4 PM. I couldn’t sleep last night, so I got online with Delphi and went to the New York Times website to see if they printed my letter. Yesterday I’d gotten a call saying they were considering it.

It was an e-mailed response to an op-ed piece on Sunday by Sean Wilentz, the Princeton historian, decrying “social studies” and its thematic approach rather than teaching public school students under rigorous history standards.

My brief letter noted that the social studies movement isn’t incompatible with thoughtful teaching of history and that “thirty years ago, when Mr. Wilentz and I were students at Brooklyn’s Midwood High School, we learned our history lessons in rigorous classes that were known to faculty and students only as social studies.”

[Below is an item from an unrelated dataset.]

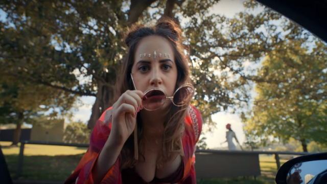 وتظهر في الإعلان الذي لا تتجاوز مدته 15 ثانية، شابة تنظر لصورتها المنعكسة على زجاج سيارة متوقفة، ثم تنفتح نافذة السيارة ليظهر فيها صبيان وهما يحدقان بذهول في صدرها قبل أن تبتسم وتقول "هل قال أحد كيه.إف.سي؟".

Now that I’ve learned that the Times accepts only 2% of the letters it receives, I feel even better about getting published.

Okay, my letter is a little self-serving, injecting myself into the debate and having the temerity to remind the famous scholar that we both went to high school together.

(In homeroom, he was always “Robert,” not Sean, though I don’t think we said two words to each other back then We didn’t talk until he’d see me hanging out with other writers at his father’s bookstore seven or eight years later.)

Probably few people will pick out my name, and it doesn’t have the Center for Governmental Responsibility staff attorney tag like the last letters did, but at least somebody will see it.

A letter in the New York Times is almost like a column in the Gainesville Sun; actually, it’s probably harder to get published in the Times.

It also cheers me up that in the past ten days, even though I’m moving, I’ve managed to get my ideas across in three different newspapers. That means my life isn’t so discontinuous.

Up at 7 AM, I went out right away to get the paper at the law school; after bringing home some groceries at Publix, I made copies of the letter.

Last evening I read The Nation’s issue on the publishing industry: it was pretty depressing stuff, but nothing I wasn’t already aware of. The articles seem to indicate that even the Barnes & Noble/Borders superstore war would end with an implosion. What then?

I called the Florida Unemployment Claims Information Center, and after keying in my Social Security number and my PIN, I learned that my benefits year began on April 13, that I’ll get the maximum $250 a week for a total of $6,500 over 26 weeks or however long it is that the $6,500 holds out.

Because of low unemployment rates, Florida’s insurance fund currently has a big surplus and next year they’re raising the weekly maximum to $275.

Well, at least I know that at the very worst, I’ve got $10,000 coming in over the next six months, assuming I net $3,500 from the Nova check.

*

11 PM. I got home from teaching not too long ago. I had said that I’d stay until 10 PM or whenever the last student finished the exam, and of course I had one perfectionist in the class. I practically had to grab the paper from her at 10 PM.

When he handed in his paper, Paul, the prison guard with the impenetrable Southern accent, said he would miss me as a teacher “because we speak the same language.” That made me feel good – even if I’m not sure it’s literally true.

Tomorrow evening in Ocala, I’ll skip my hour-long lecture and discussion on public speaking – or at least considerably shorten it – so I can get home at a reasonable hour.

I just read a sweet e-mail response to my earlier letter to Kevin. He gets depressed sometimes about his job (I probably shouldn’t have told him how much money I made), his acting “non-career,” and his lack of a social life; I’ve got to stay in touch with Kevin because I really care about him.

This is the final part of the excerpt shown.